Этого быть не может...
Это – подлог...
Ну-с, проводил на поезд,
Вернулся, и sоlо[13], да!
Здесь был ее кольчатый пояс,
Брошка лежала – звезда,
Вечно открытая сумочка
Без замка,
И, так бесконечно мягка,
В прошивках красная думочка...
……………………
Зал...
Я нежное что-то сказал,
Стали прощаться,
Возле часов у стенки...
Губы не смели разжаться,
Склеены...
Оба мы были рассеянны,
Оба такие холодные...
Мы...
Пальцы ее в черной митенке
Тоже холодные...
«Ну, прощай до зимы,
Только не той, и не другой,
И не еще – после другой...
Я ж, дорогой,
Ведь не свободная...»
«Знаю, что ты – в застенке...»
После она
Плакала тихо у стенки
И стала бумажно-бледна...
Кончить бы злую игру...
Что ж бы еще?
Губы хотели любить горячо,
А на ветру
Лишь улыбались тоскливо...
Что-то в них было застыло,
Даже мертво...
Господи, я и не знал, до чего
Она некрасива...
Ну, слава богу, пускают садиться...
Мокрым платком осушая лицо,
Мне отдала она это кольцо...
Слиплись еще раз холодные лица,
Как в забытьи,—
И
Поезд еще стоял —
Я убежал...
Но этого быть не может,
Это – подлог...
День или год и уж дожит,
Иль, не дожив, изнемог...
Этого быть не может...
Царское Село
Июнь 1909
Если б вдруг ожила небылица,
На окно я поставлю свечу,
Приходи... Мы не будем делиться,
Все отдать тебе счастье хочу!
Ты придешь и на голос печали
Потому что светла и нежна,
Потому что тебя обещали
Мне когда-то сирень и луна.
Но... бывают такие минуты,
Когда страшно и пусто в груди...
Я тяжел – и, немой и согнутый...
Я хочу быть один... уходи!
В белом поле был пепельный бал,
Тени были там нежно-желанны,
Упоительный танец сливал,
И клубил, и дымил их воланы.
Чередой, застилая мне даль,
Проносились плясуньи мятежной,
И была вековая печаль
В нежном танце без музыки нежной.
А внизу содроганье и стук
Говорили, что ужас не прожит;
Громыхая цепями, Недуг
Там сковал бы воздушных – не может.
И была ль так постыла им степь,
Или мука капризно-желанна,—
То и дело железную цепь
Задевала оборка волана.
Вы за мною?

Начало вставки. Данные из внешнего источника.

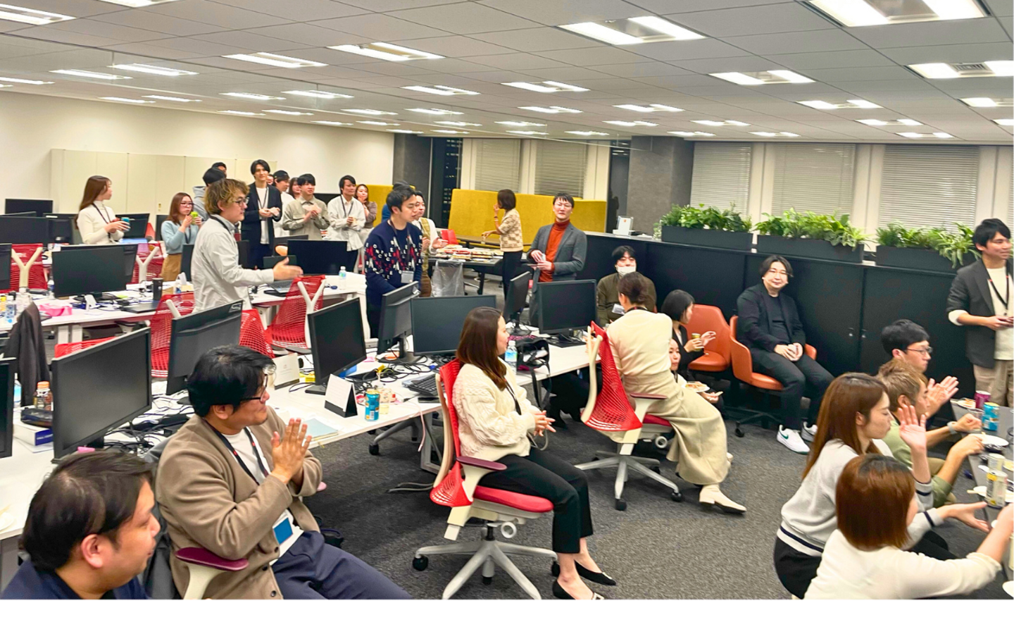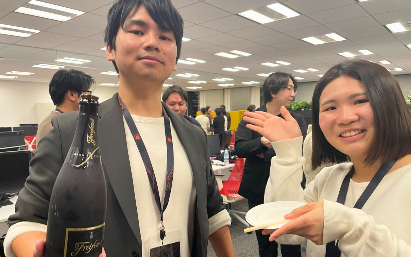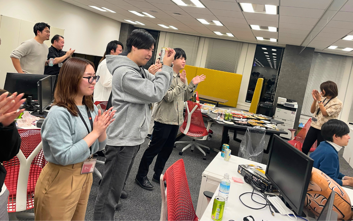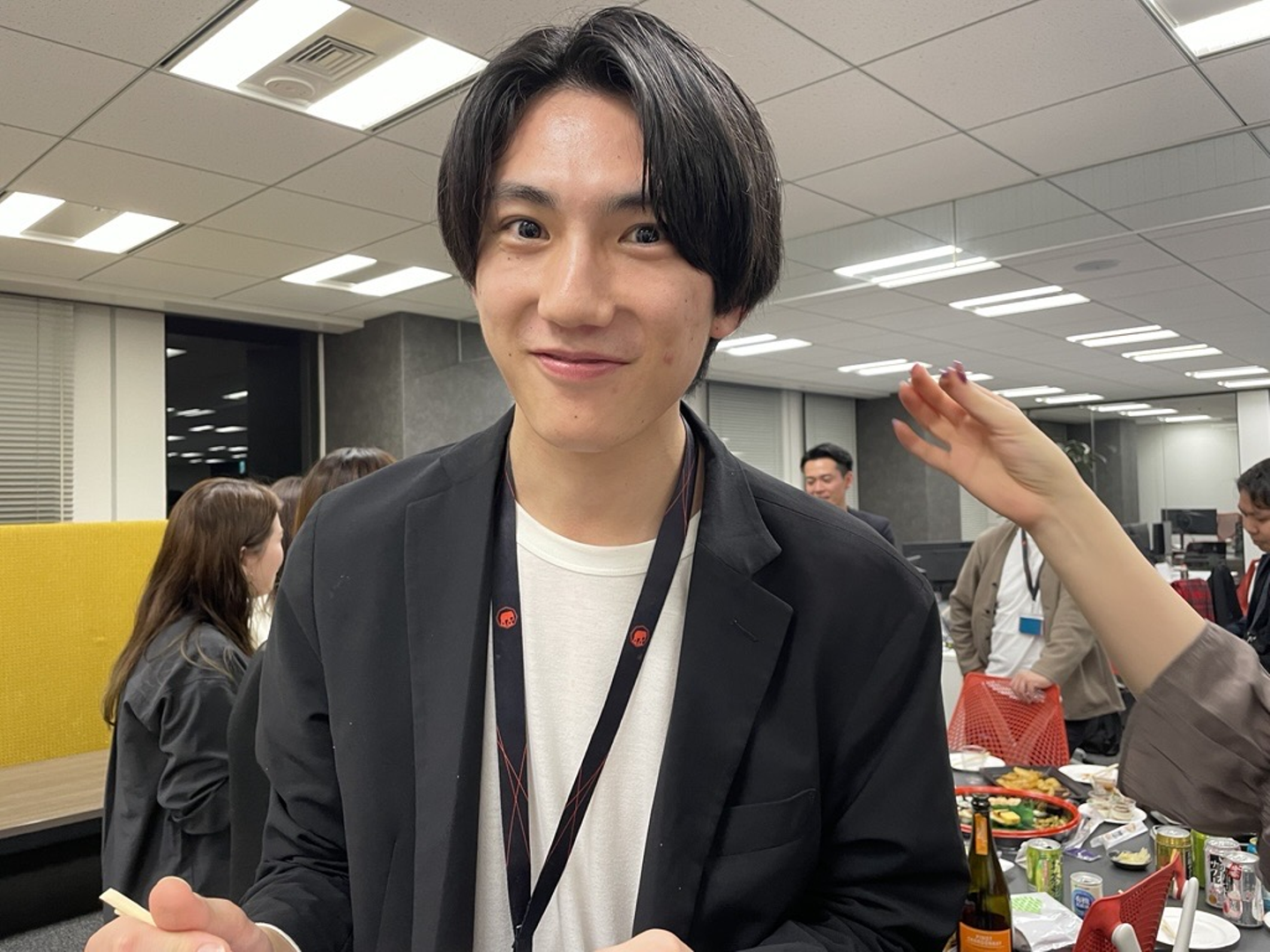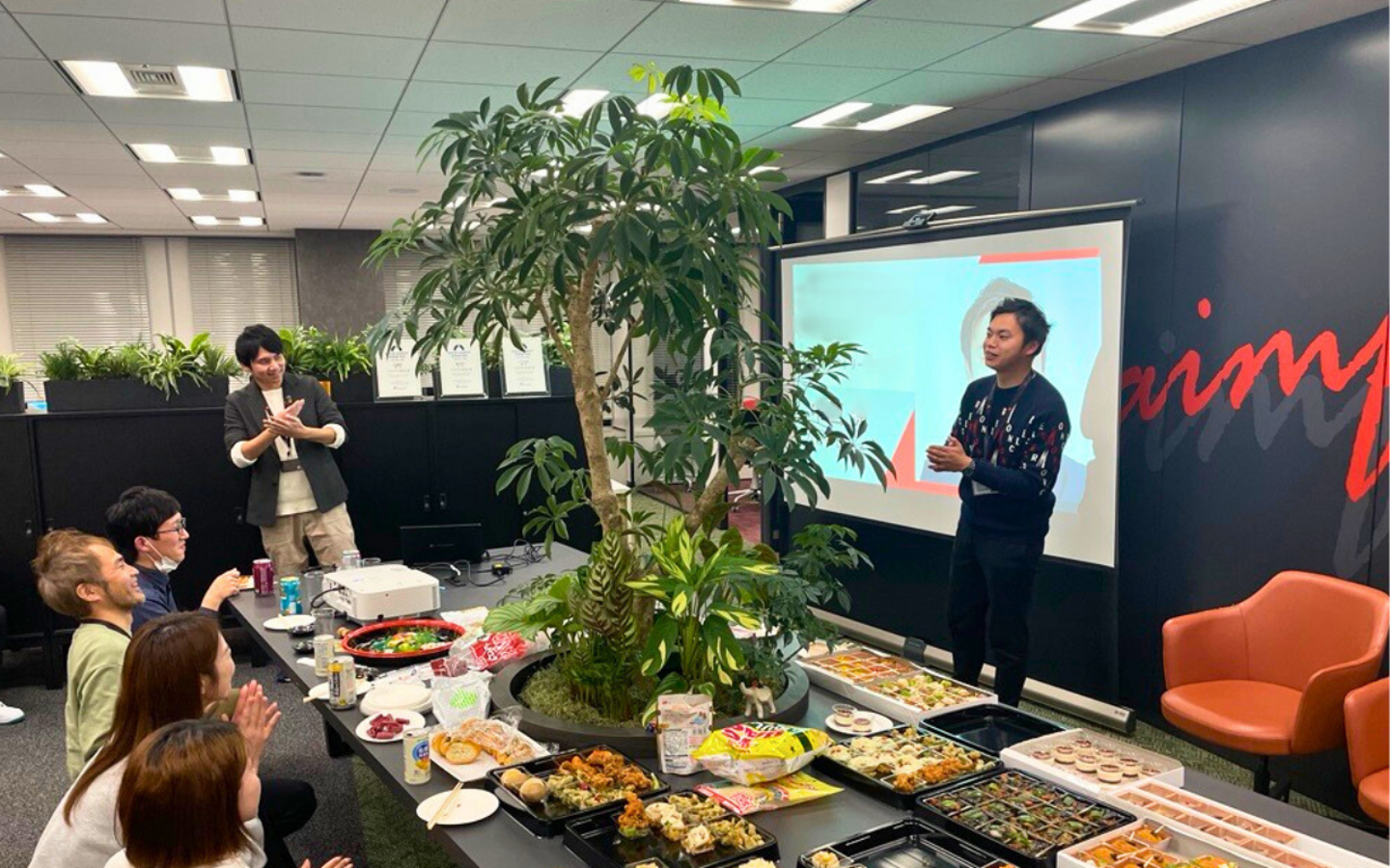 新入社員を代表しての自己紹介&挨拶をしていただきました。新しいメンバーをみんなで温かく迎えます。歓迎でざわつく空気感にオフラインの良さを実感しました。私も入社時に体験しましたが、こういった紹介の場があると、後々「アイムナイトのとき~」といった話題にもつながるんです。

Я готов.
Нагрешили, так ответим.
Нам – острог, но им – цветов...
Солнца, люди, нашим детям!
В детстве тоньше жизни нить,
Дни короче в эту пору...
Не спешите их бранить,
Но балуйте... без зазору.
Вы несчастны, если вам
Непонятен детский лепет,
Вызвать шепот – это срам,
Горший – в детях вызвать трепет.
Но безвинных детских слез
Не омыть и покаяньем,
Потому что в них Христос,
Весь, со всем своим сияньеи.
Ну, а те, что терпят боль,
У кого как нитки руки...
Люди! Братья! Не за то ль
И покой наш только в муке...
Пусть травы сменятся над капищем волненья
И восковой в гробу забудется рука,
Мне кажется, меж вас одно недоуменье
Все будет жить мое, одна моя Тоска...
Нет, не о тех, увы! кому столь недостойно,
Ревниво, бережно и страстно был я мил...
О, сила любящих и в муке так спокойна,
У женской нежности завидно много сил.
Да и при чем бы здесь недоуменья были —
Любовь ведь светлая, она кристалл, эфир...
Моя ж безлюбая – дрожит, как лошадь в мыле!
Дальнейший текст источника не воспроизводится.